Here is my personal take on meditation. It absolutely housecleans your brain. It sweeps out repetitive, intrusive, nasty thoughts – good riddance! It helps you sit still and not be reactive. It allows you to pursue goals, but not like an impatient child. By far, meditation’s biggest benefit is placing me in the role of the “observer.” I don’t have to jump up and “act” or “feel”everything that comes my way. Events role by, good and bad, at just the perfect rate as I calmly plan a response, or not!
My 15 minute meditation practice consists of me sitting in a comfy chair, feet on the floor, or sometimes on a bolster on the floor. I start with a loving kindness phrase for my people: May you be safe, may you be healthy, may you live with ease and happiness, may you be free of all pain. (I've recently changed "you" to "the world", in view of so many unsettled global areas.) I circle my head a few times to release tension, and settle back. When the thoughts come, I acknowledge them and start breathing deeply again.
How do I know my brain has changed? The first time I noticed was when I was a passenger in the car and the driver didn’t notice a red light as fast as I did. My heart actually didn’t jump out of my chest in the time he quickly stopped for the light. I related the story to a therapist, because I thought something was really wrong with my affect, not responding to a very dangerous situation. I’ve since learned that meditators gradually lessen the “startle effect,” a very positive outcome for stress reduction. In addition, I’ve noticed other people’s annoying behaviors just get labeled quietly and provoke far fewer reactions or arguments.

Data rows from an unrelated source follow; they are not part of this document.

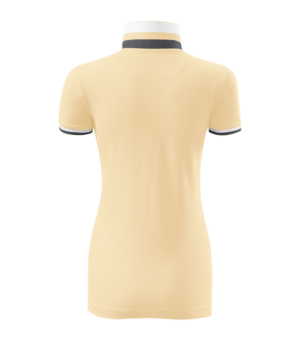 Modna damska koszulka polo z krótkim rękawem ozdobiona detalami w kontrastowym kolorze. Kołnierzyk i rękawy uszyte z dzianin ściągaczowej 1:1. Taśma wokół szyi w kontrastowym kolorze. Kołnierzyk zapinany na 2 guziki ozdobione logiem Malfini. Strona wewnętrzna kołnierzyka przeszyta taśmą w kontrastowym kolorze. Rozcięcia w bocznych szwach wzmocnione taśmą w kontrastowym kolorze.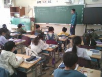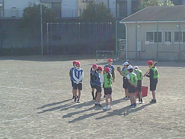 27日(火)1時間目、6年1組は体育の時間でした。「ティーボール」に取り組んでいます。ボールは柔らかいので素手で扱いますが、一部大谷選手からいただいたグローブも使っています。先生の笛の合図でゲームが終わり、相手チームと挨拶をしてから集合しました。子どもたちは、「次回がティーボールの最終回」という話を聞きました。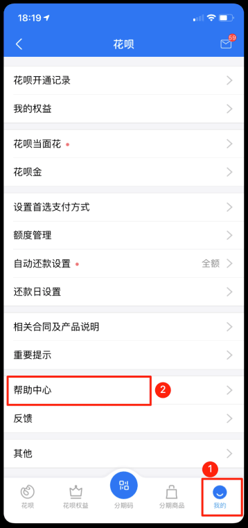 1、打开手机支付宝,进入首页,点击下方【我的】,选择【花呗】服务,进入花呗页面,点击【我的】——【帮助中心】,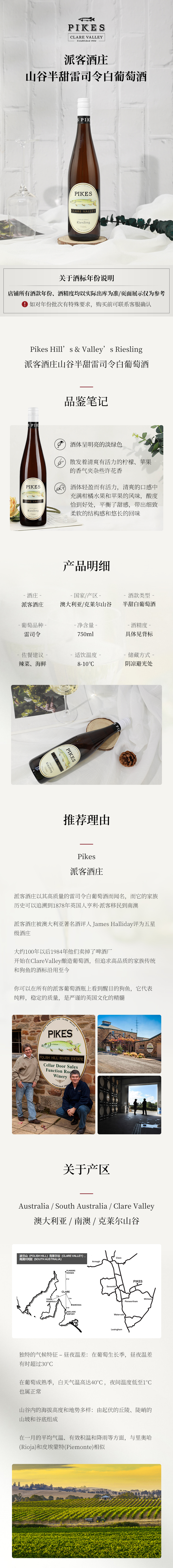派客酒庄山谷半甜雷司令白葡萄酒 澳大利亚 Pikes Hill’s & Valley’s Riesling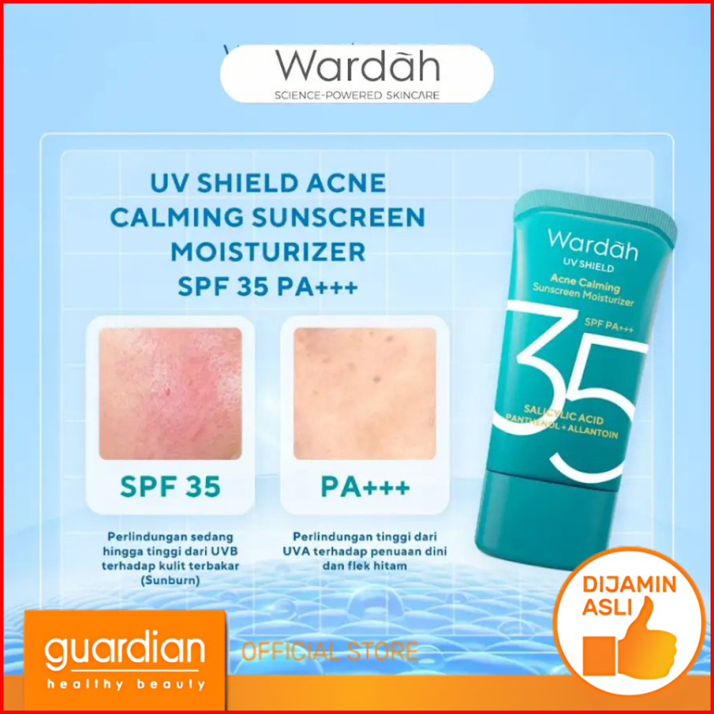 Wardah Uv Shield Acne Calming Sunscreen Moisturizer Spf 35 Pa - Sunscreen Untuk Komedo Jerawat Dan Bekas Jerawat Kulit B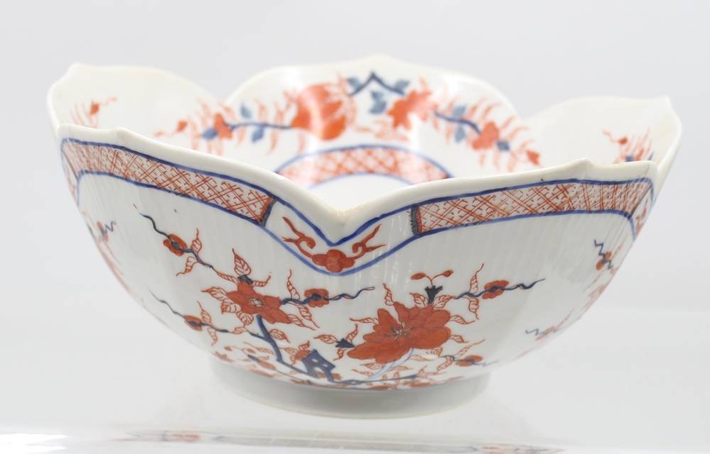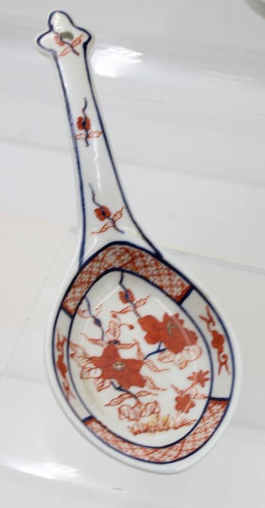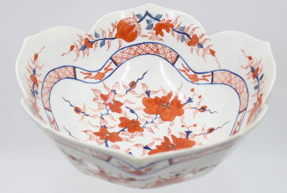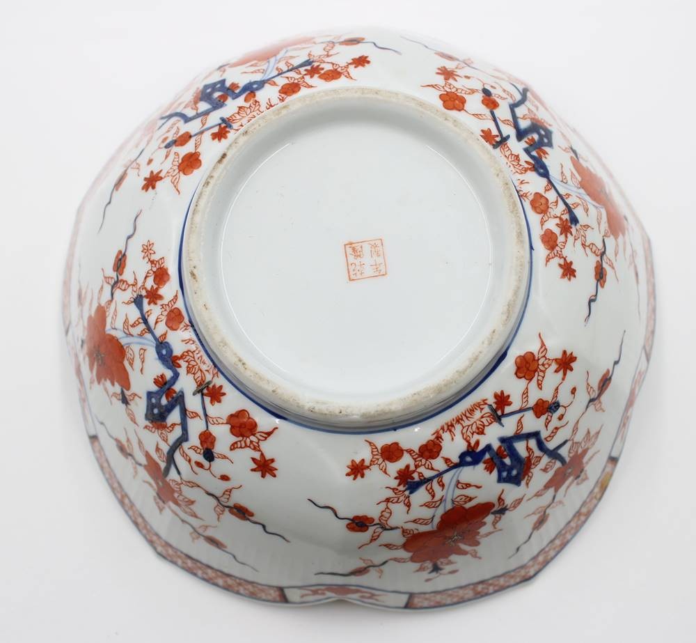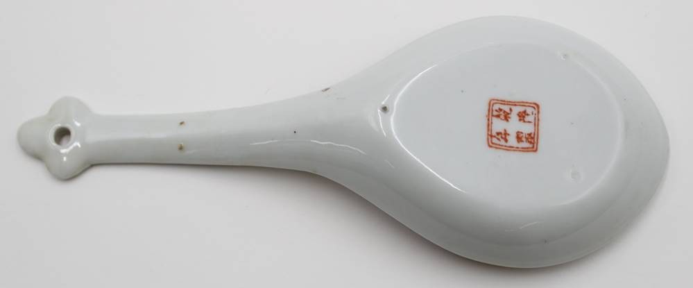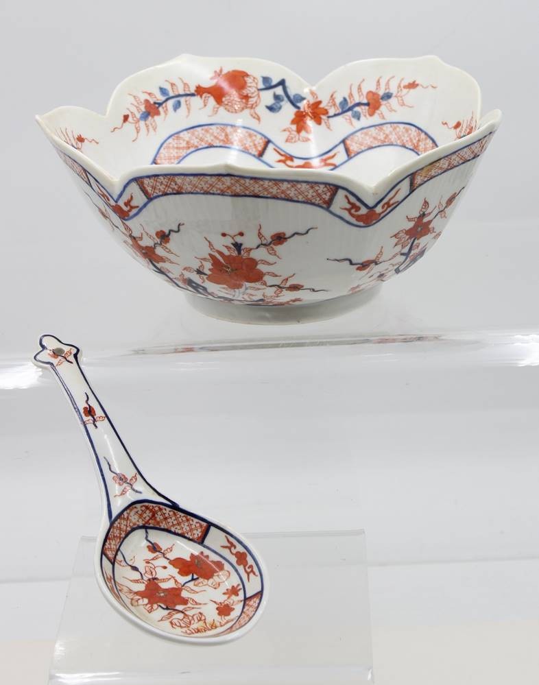 gr. Schale mit passendem Löffel, China, gemarkt, florales Dekor, ca. H-11cm D-24,5cm, Löfffel ca. L-21,5cm [1]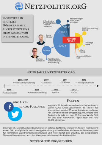 : Debatte: Wie kann sich Onlinejournalismus finanzieren? Gestern haben wir eine kleine Crowdfinanzierungs-Kampagne gestartet. Nach der Offenlegung unserer Finanzen ist deutlich geworden, dass netzpolitik.org viel mehr Geld verbraucht als bisher eingenommen wird. Wir hatten im Februar bereits unsere Finanzierung transparent gemacht. Damals sah es noch besser aus, weil wir einen mittelständischen Sponsor hatten, der bei uns über zwei Jahre Werbung gebucht hatte, […]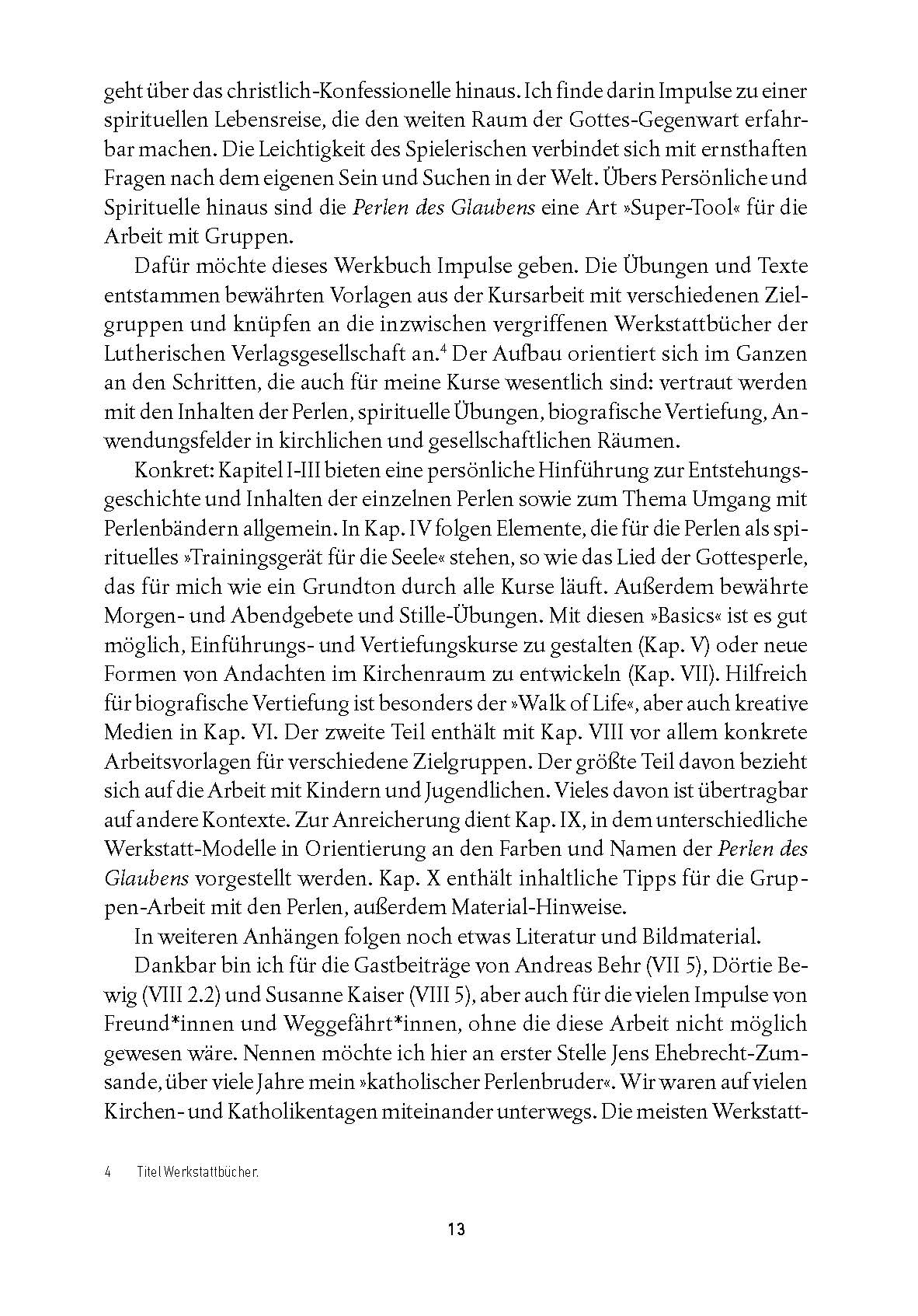 Die Konzepte im Werkbuch sind erprobt in Seminarreihen und Fortbildungen. Hinweise zu Referent:innen, Fortbildungsformaten und dem Netzwerk „Perlen des Glaubens“ erleichtern die Umsetzung vor Ort. Viele Gemeinden nutzen das Material für Inhouse‑Schulungen oder als Fortbildungsbaustein für Ehrenamtliche.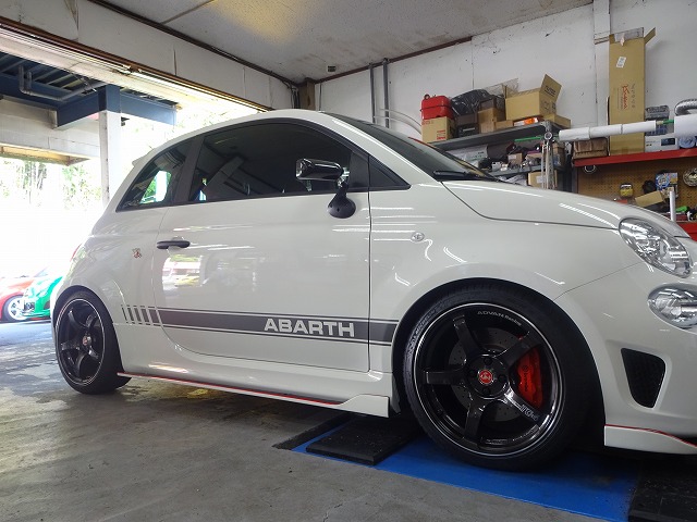 福井県からご来店いただいた、Oさんのアバルト595コンペティツィオーネ。足元はADVAN+KWを軸に剛性パーツやカーボン水圧転写まで手が入り、マッキナエアロパーツでフルカスタムさせていただきました。

Most importantly, I’ve recently lived through the devastation of learning a loved one had a substance abuse problem and the deaths of both of my parents, with grace and serenity. When bad news or challenges come, they are integrated and acted upon with thought and clarity. To be frank, the rest of my morning routine evolved because of the need I had to deal with life’s challenges. A good breakfast, a quality read and some time to think can really change your life!